─── Records for the task

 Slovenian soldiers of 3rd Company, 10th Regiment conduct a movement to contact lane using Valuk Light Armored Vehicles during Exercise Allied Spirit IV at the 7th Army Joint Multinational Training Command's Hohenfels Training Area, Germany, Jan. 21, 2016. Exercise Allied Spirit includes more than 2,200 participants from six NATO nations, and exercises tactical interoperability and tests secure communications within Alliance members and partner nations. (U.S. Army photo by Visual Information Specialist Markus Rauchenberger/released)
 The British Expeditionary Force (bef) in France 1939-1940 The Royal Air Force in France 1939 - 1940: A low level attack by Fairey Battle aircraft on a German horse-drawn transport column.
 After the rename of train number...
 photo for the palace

──────
─── Records for the task

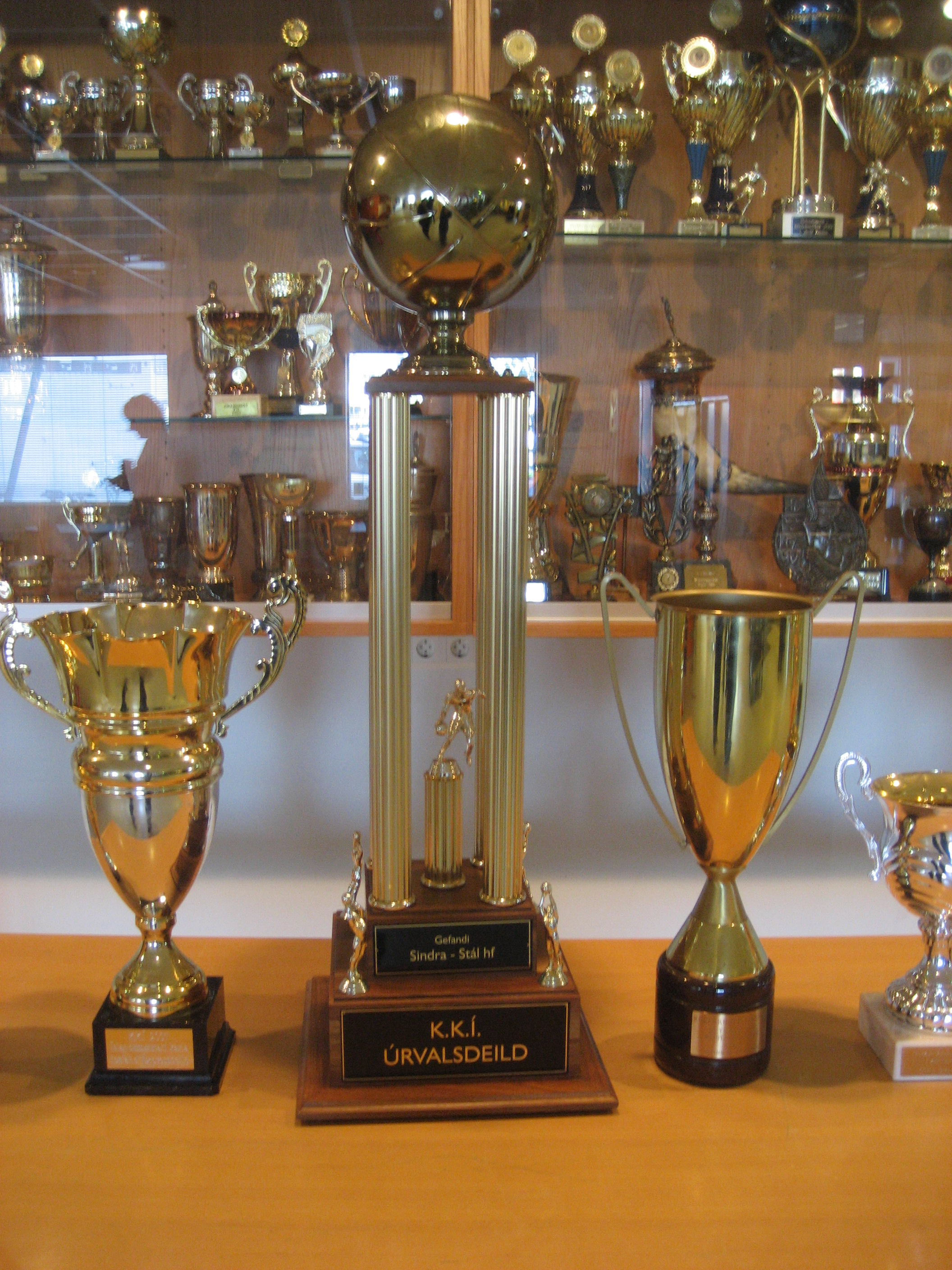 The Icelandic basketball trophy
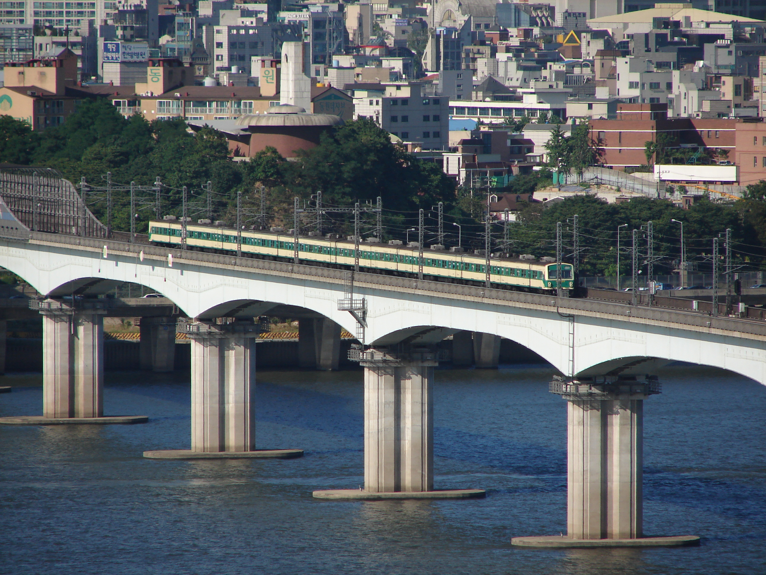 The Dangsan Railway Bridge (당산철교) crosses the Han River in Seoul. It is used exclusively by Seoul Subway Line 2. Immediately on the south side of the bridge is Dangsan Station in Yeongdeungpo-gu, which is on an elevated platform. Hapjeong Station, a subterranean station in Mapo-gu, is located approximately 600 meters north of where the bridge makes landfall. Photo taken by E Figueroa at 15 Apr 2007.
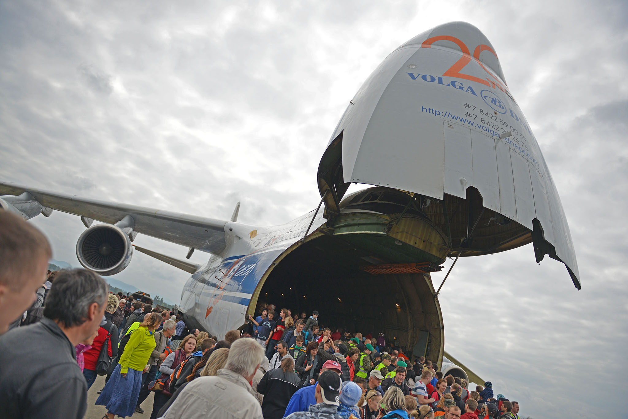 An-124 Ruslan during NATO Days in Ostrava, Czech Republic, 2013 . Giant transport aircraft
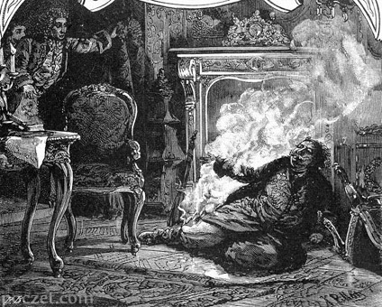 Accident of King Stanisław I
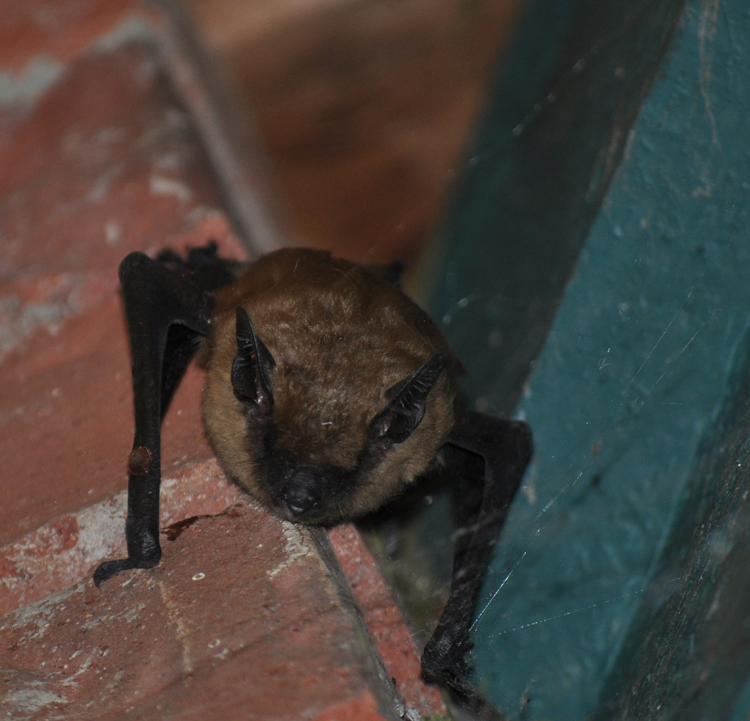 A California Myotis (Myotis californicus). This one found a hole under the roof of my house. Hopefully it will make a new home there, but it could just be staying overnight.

──────

*Exercise aim:* Within the material above, transcribe exactly the lines that run from the line holding "The British Expeditionary" through the line holding "photo for the palace".

*Result below:*
 The British Expeditionary Force (bef) in France 1939-1940 The Royal Air Force in France 1939 - 1940: A low level attack by Fairey Battle aircraft on a German horse-drawn transport column.
 After the rename of train number...
 photo for the palace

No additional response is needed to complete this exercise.